BEGIN LISTED ENTRIES

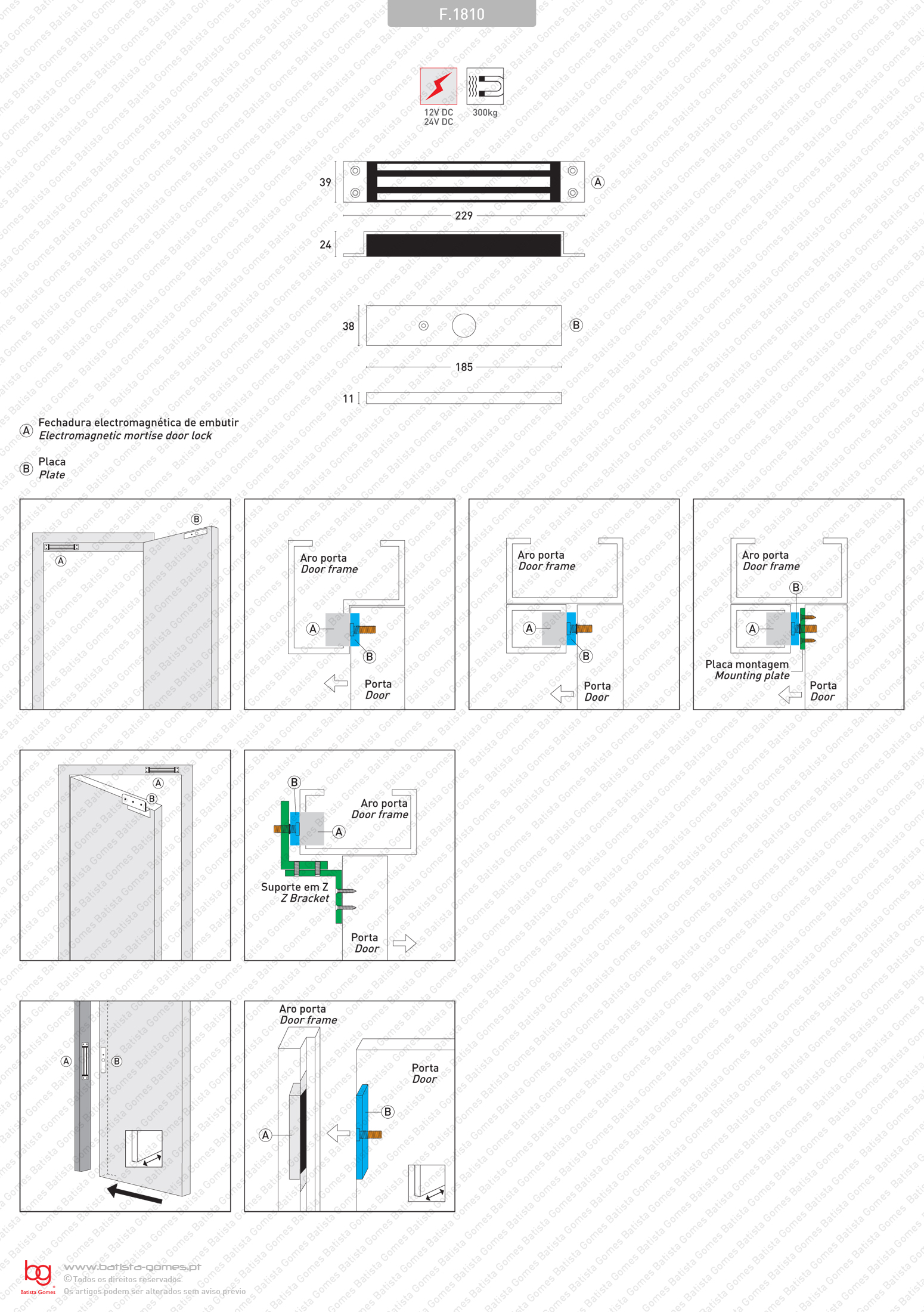 F.1810 FECHADURA ELECTROMAGNÉTICA DE EMBUTIRResistência: 300kg Alimentação: 12V DC / Consumo: 500mA Alimentação: 24V DC / Consumo: 250mA Peso: 1,95kg • Sensor / detector presença e posição da porta ( aberta / fechada )
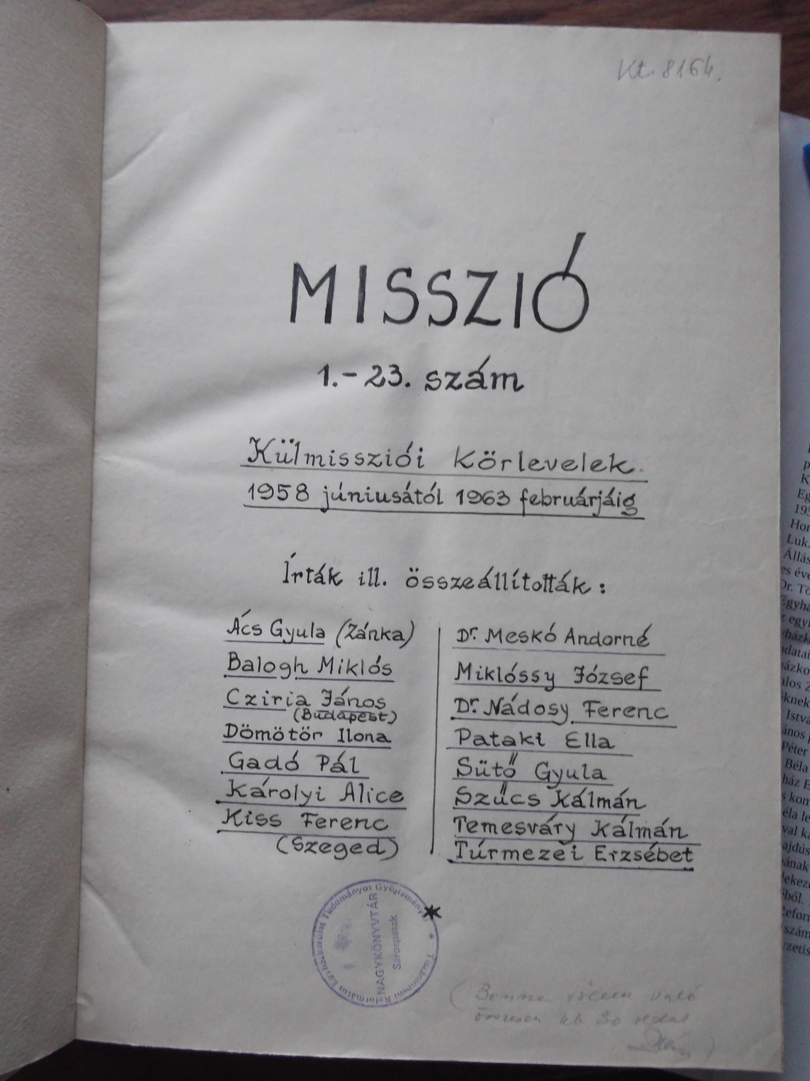 Unknown author. Questionnaire, in Hungarian, 1987–1989. M...
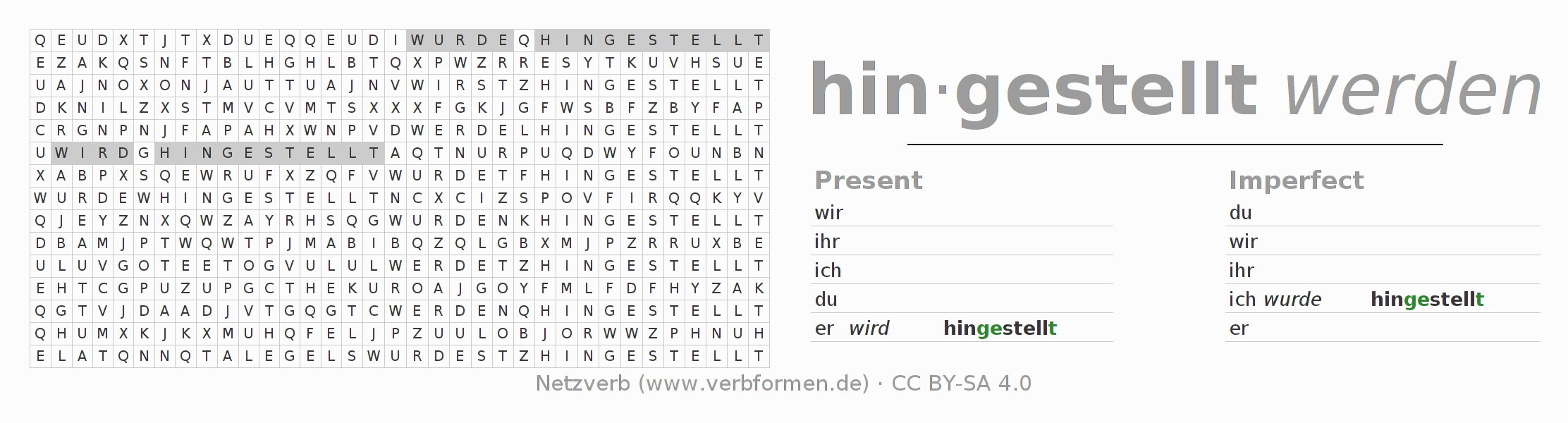 With these search word puzzles you can learn the conjugation of the German verb hinstellen.
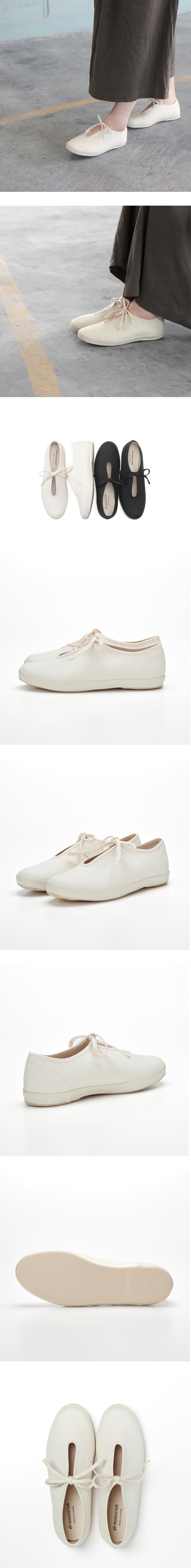 상단의 파이핑을 신발끈으로 한 심플한 스타일의 스니커즈입니다. - 우아하고 부드러운 형태에 리본 묶음 강조
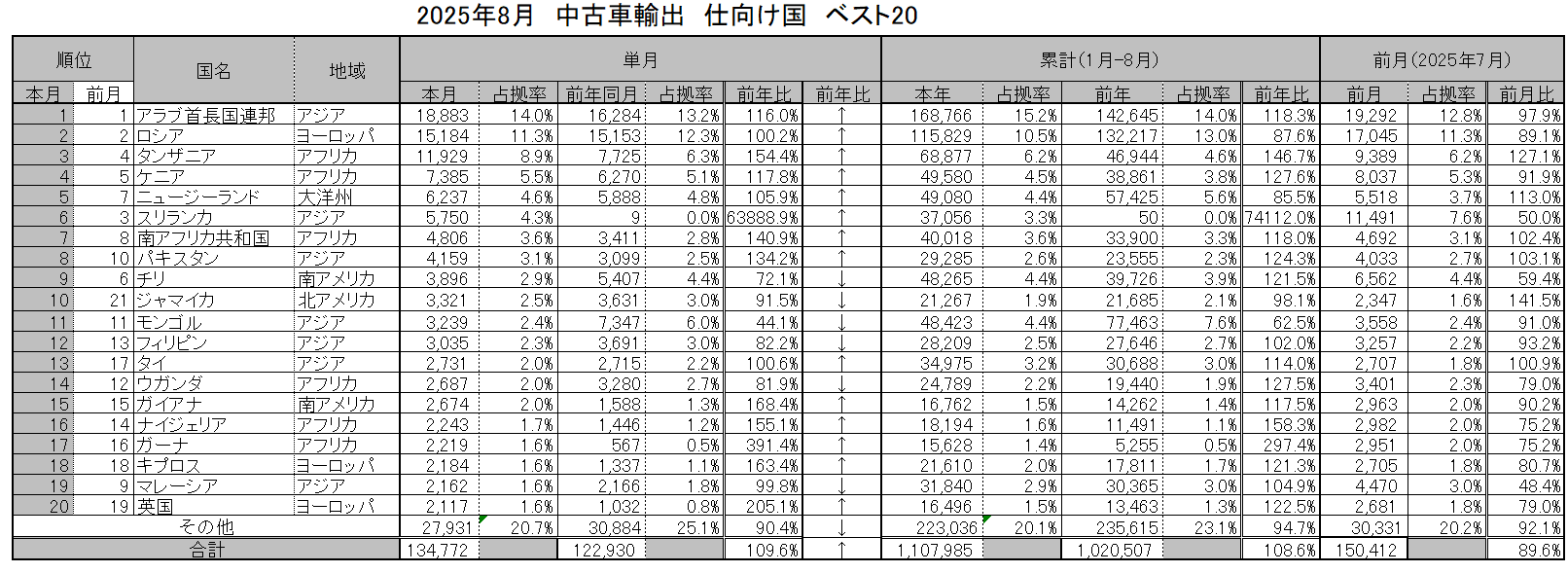 日本中古車輸出業協同組合がまとめた8月の中古車輸出台数は、前年同月比9.6%増の12万2930台だった。仕向け国別では、アラブ首長国連邦が11か月連続で首位となった。同国は、0.2%増の1万8883台。2位のロシアは、同19.2%減の1万5184台で続いた。3位はタンザニアで、輸出台数は同1万1929倍だった。

END LISTED ENTRIES

(DIRECTIONS FOR THIS TASK):
Retype the data above verbatim, minus images.

(WRITTEN RESPONSE):
 F.1810 FECHADURA ELECTROMAGNÉTICA DE EMBUTIRResistência: 300kg Alimentação: 12V DC / Consumo: 500mA Alimentação: 24V DC / Consumo: 250mA Peso: 1,95kg • Sensor / detector presença e posição da porta ( aberta / fechada )
 Unknown author. Questionnaire, in Hungarian, 1987–1989. M...
 With these search word puzzles you can learn the conjugation of the German verb hinstellen.
 상단의 파이핑을 신발끈으로 한 심플한 스타일의 스니커즈입니다. - 우아하고 부드러운 형태에 리본 묶음 강조
 日本中古車輸出業協同組合がまとめた8月の中古車輸出台数は、前年同月比9.6%増の12万2930台だった。仕向け国別では、アラブ首長国連邦が11か月連続で首位となった。同国は、0.2%増の1万8883台。2位のロシアは、同19.2%減の1万5184台で続いた。3位はタンザニアで、輸出台数は同1万1929倍だった。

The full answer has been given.